Directions: Look for the line containing "The minimalist design" and the line containing "南京化學(xué)試劑股份有" in the entries below. Copy those two and all lines between them exactly, leaving out pictures.

Information provided:

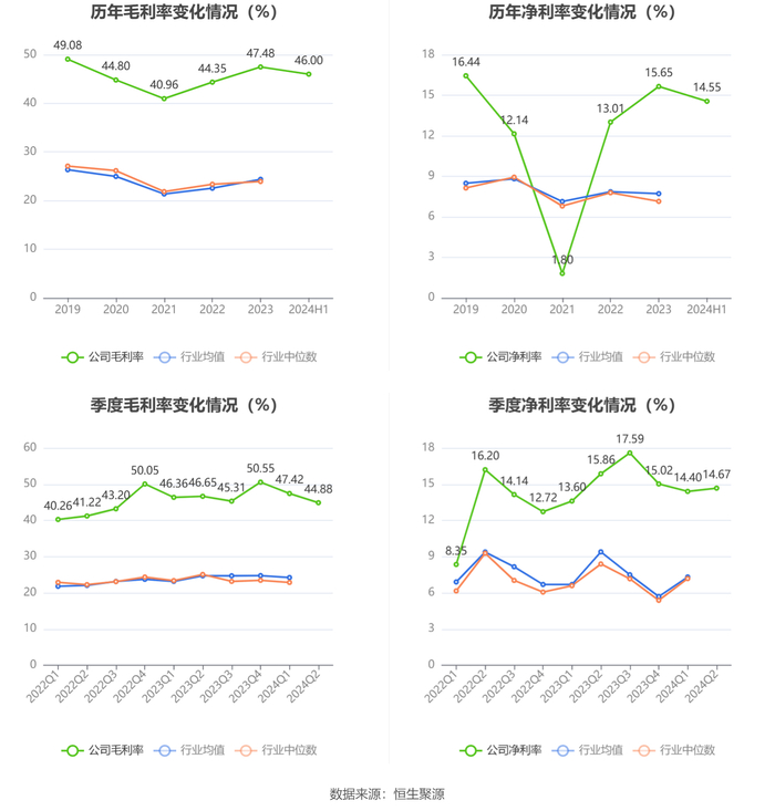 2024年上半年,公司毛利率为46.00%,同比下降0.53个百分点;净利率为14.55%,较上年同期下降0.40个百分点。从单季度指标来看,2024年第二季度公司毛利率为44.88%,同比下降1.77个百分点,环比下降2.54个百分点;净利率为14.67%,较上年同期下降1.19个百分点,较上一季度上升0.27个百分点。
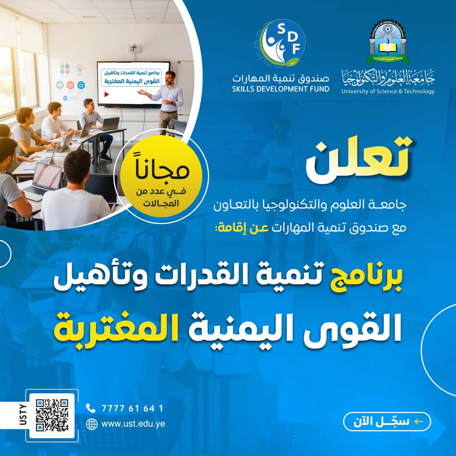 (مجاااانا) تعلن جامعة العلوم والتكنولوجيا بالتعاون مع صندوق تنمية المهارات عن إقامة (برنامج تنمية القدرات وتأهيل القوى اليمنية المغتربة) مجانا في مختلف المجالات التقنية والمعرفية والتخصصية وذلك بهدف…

---

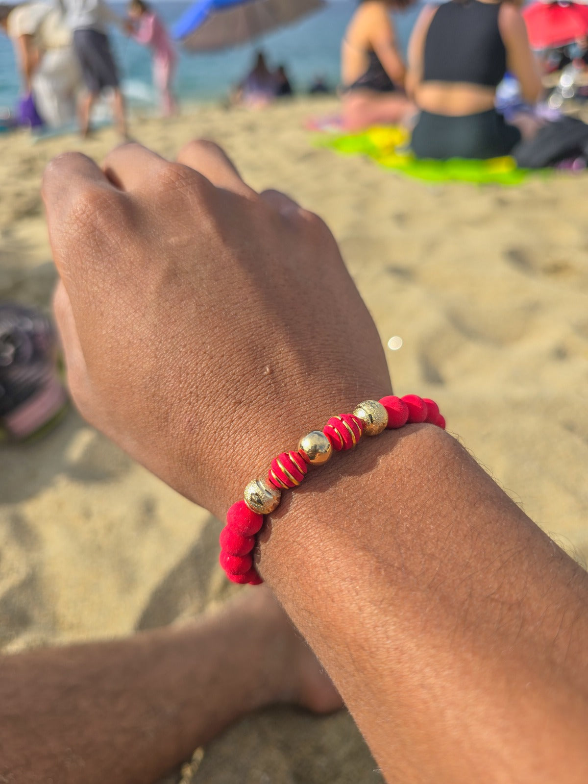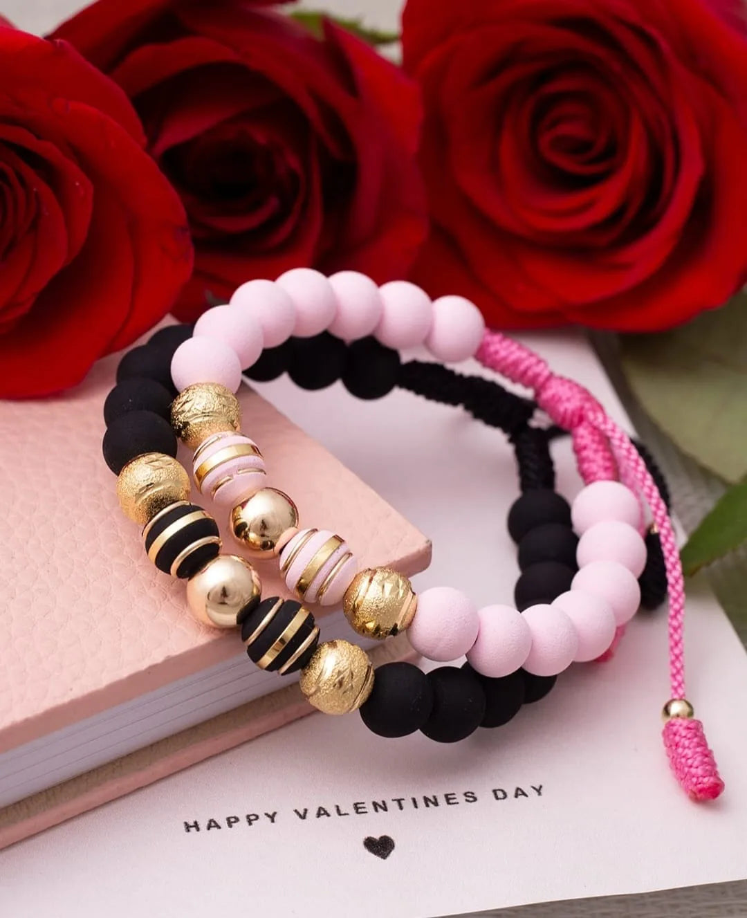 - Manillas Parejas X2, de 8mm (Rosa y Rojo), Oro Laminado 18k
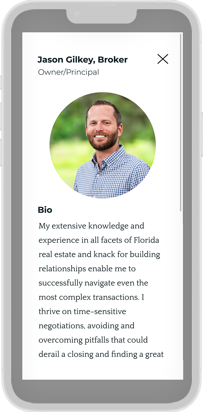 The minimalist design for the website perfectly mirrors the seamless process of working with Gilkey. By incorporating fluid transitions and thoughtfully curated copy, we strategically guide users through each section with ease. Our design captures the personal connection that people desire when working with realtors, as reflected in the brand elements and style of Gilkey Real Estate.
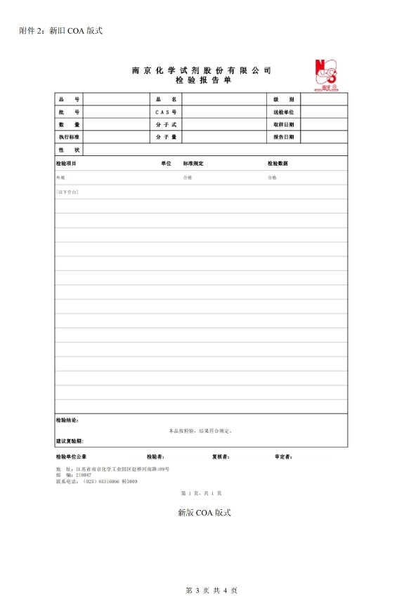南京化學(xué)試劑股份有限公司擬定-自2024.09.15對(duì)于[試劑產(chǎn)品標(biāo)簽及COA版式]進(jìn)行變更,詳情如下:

Answer to this task:
 The minimalist design for the website perfectly mirrors the seamless process of working with Gilkey. By incorporating fluid transitions and thoughtfully curated copy, we strategically guide users through each section with ease. Our design captures the personal connection that people desire when working with realtors, as reflected in the brand elements and style of Gilkey Real Estate.
南京化學(xué)試劑股份有限公司擬定-自2024.09.15對(duì)于[試劑產(chǎn)品標(biāo)簽及COA版式]進(jìn)行變更,詳情如下:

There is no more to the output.